Pour les élections européennes avec listes nationales, c’est tout le contraire. Il arrive plus que souvent que les électeurs n’aient jamais entendu parler d’e bon nombre de « députés » européens. Parmi lesquels tel ou tel dispose de ce statut parce qu’il a été un militant que ses chefs de parti ont voulu récompenser. Ou parce qu’ ancien parlementaire en mal d’électorat, il a été inscrit en bonne position sur la liste par ses amis de l’appareil de son parti. Pour lui permettre de ne pas pointer à l’ANPE en attendant de retrouver un poste plus en vue. Comme député, sénateur, ministre, voire comme président de la République. Il arrive tout aussi souvent que les citoyens n’aient pas la moindre idée de ce que les personnes qui figuraient sur la liste nationale des candidats, peuvent bien faire quand ils vont siéger. Députés « européens » qui, lorsqu’ils sont interviewés, sont plus que rarement invités à commenter l’activité législative du parlement européen.
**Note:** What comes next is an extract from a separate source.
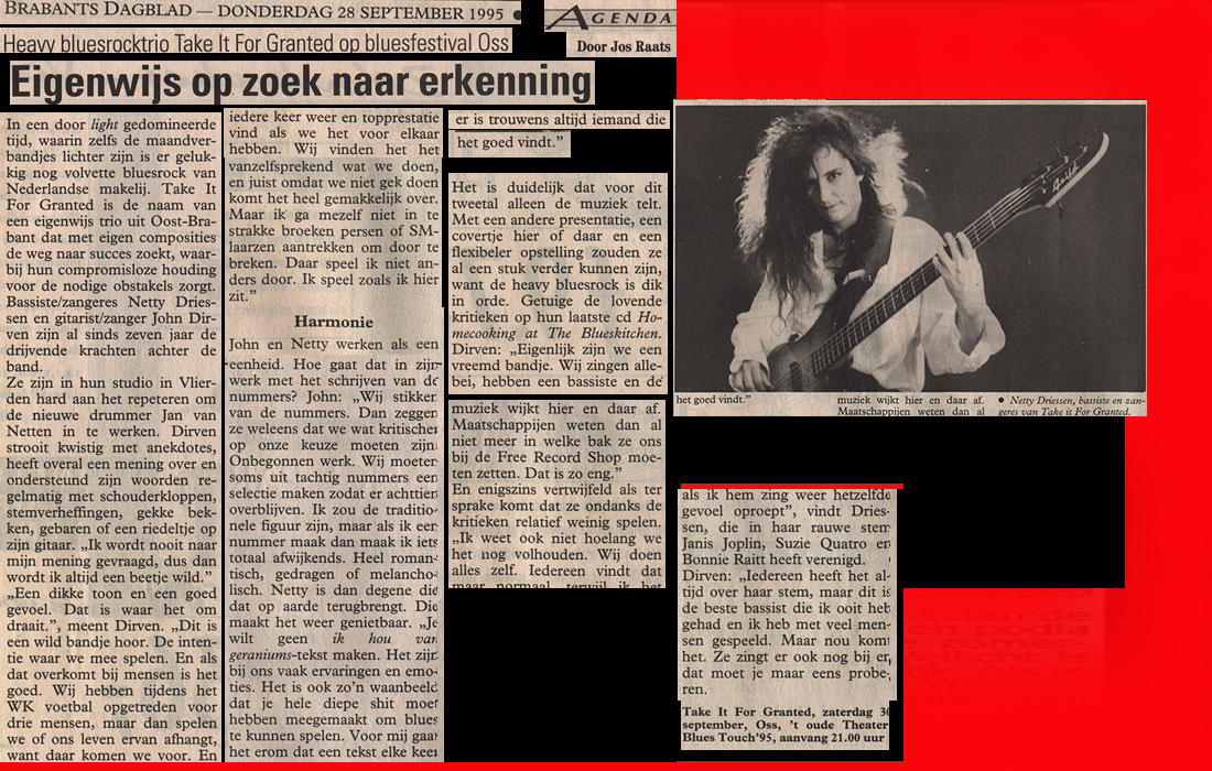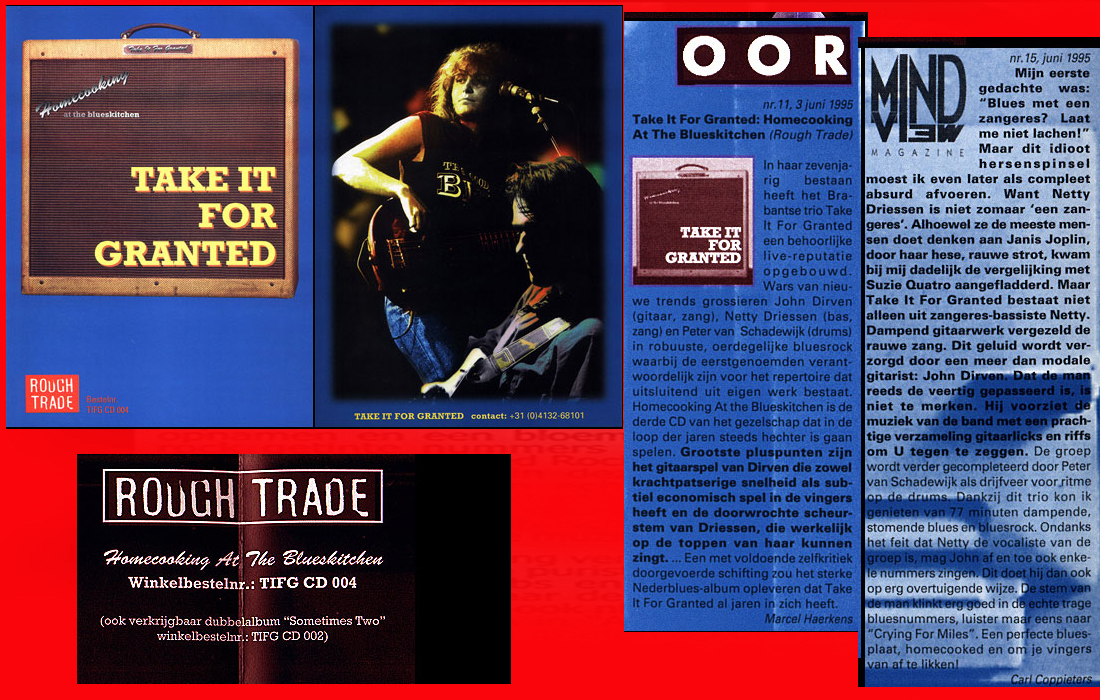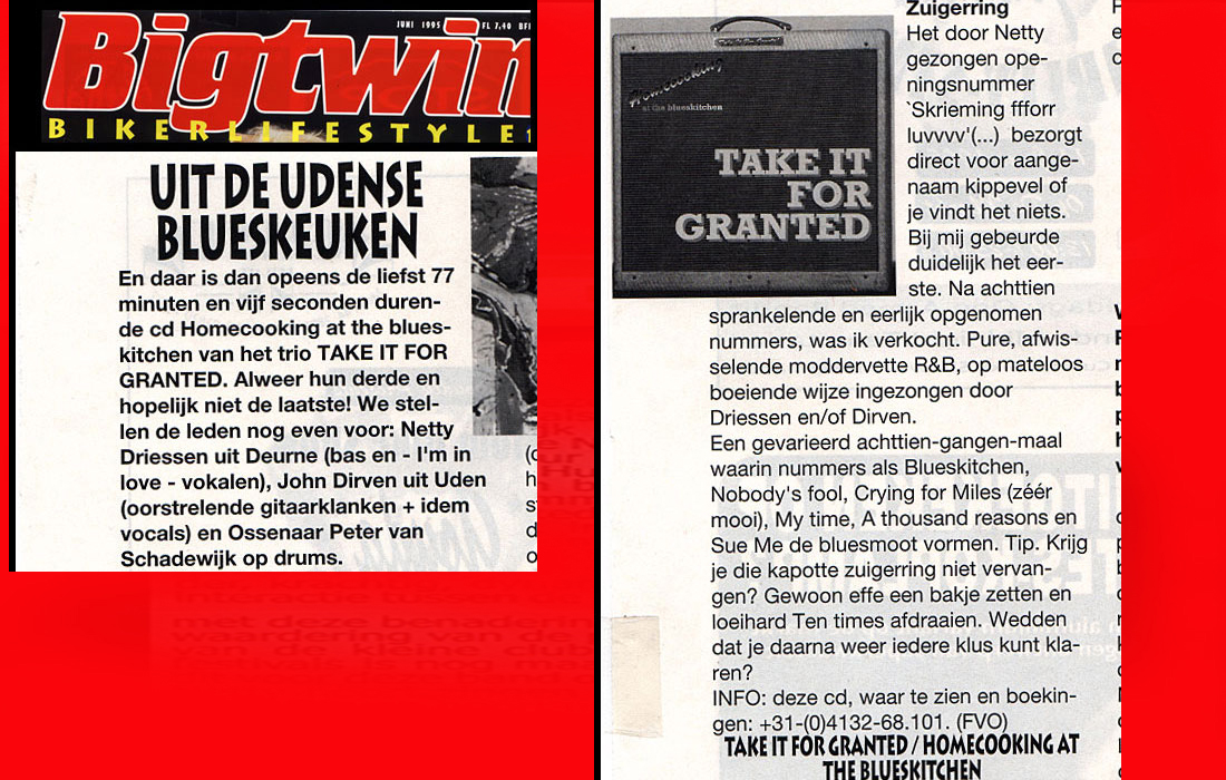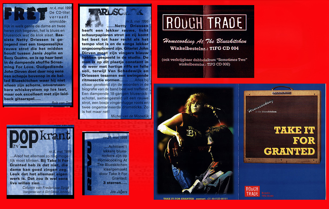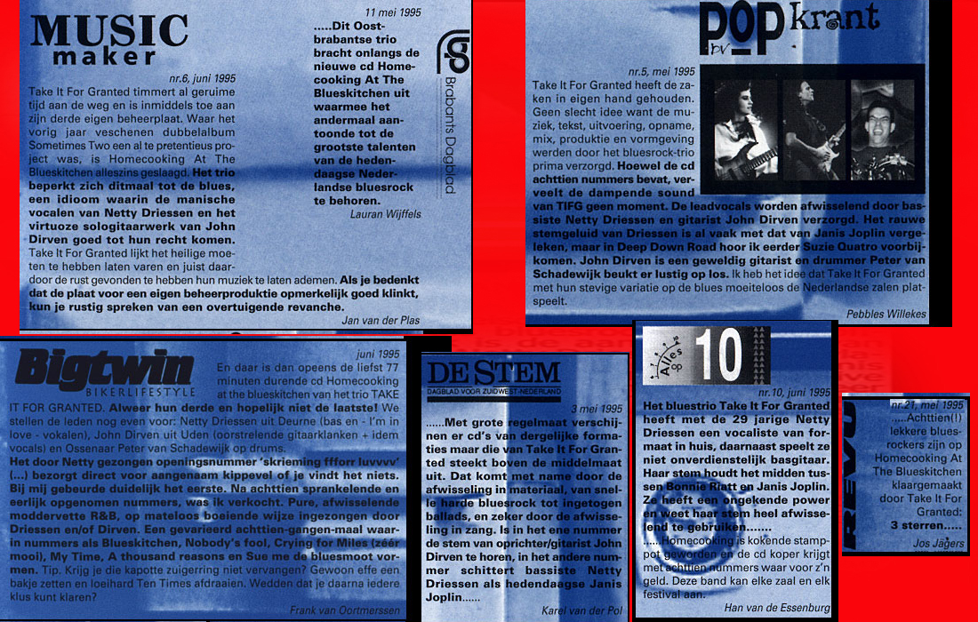 .....................many many times, Oor, Stage, Aardschok, Rif Raf, Big Twin, Mind View, Revu, Eindhovens Dagblad, Friesch Dablad, Groot Eindhoven, Haarlemmermeers Dagblad, Helmonds Dagblad, Traverse, Block, Jassepoes, Hendrixfanclub Germany, Udens Weekblad, Oostbrabant, Gitaar Plus, Gitarist, Volkskrant, Panorama, Alles op Tien,Travers, Aloha,de Sleutel Oss), Tubantia (Twente), de Brug, Leeuwarder Courant, Groovemaster, Dagblad Zaanstreek, Back to the Roots, Metal Maidens, Rockgirl, Kindamuzik, BV Popkrant, Bobtjeblues, Blues Das deutsche Bluesmagazin, Music in Belgium, Brabants Dagblad, Dienblad, Alternative ways, Track, De Stem, Backline, Brabant Pop, Musicmaker, Moors Magazine, GEZIEN-GEHOORD.NL, Blueszine, Maxazine, de Gelderlander, Popmagazine Heaven, Festivalinfo, File Under, and lots of local papers, alone or in combination with Take it for granted, Netty Driessen, Rosa King, Rob Hoeke, Sander Boes, Ben van de Wal, Bertus Borgers, Walter Trout, Ana Popovic, Jesse Gang, Ritchie Severijns, Eamonn Mccormack, Rob Snijders, Fred Hoogendoorn, Sjoerd van Bommel, Hans Dulfer, Peter van Schadewijk, Iwan Wijnen, Tony Peters, Bonki Bongaerts, Thijs van Leer, John Lagrand, Nicko Christiansen and many many more and lots of radio, local, national and all over the globe from Japan, Spain, UK, Denmark, Germany to the USA and back...............

(6) Sauf secousse ( genre « gilets jaunes », mais en plus forte) ou sauf rencontre avec une personnalité d’exception. Qui ait lu les traités et qui se montre capable de faire ressentir que la mise en œuvre de ces derniers est aussi inadmissible et insupportable dans ses conséquences, que celles qui résultent du fait que des « quartiers » soient tombés entre certaines mains.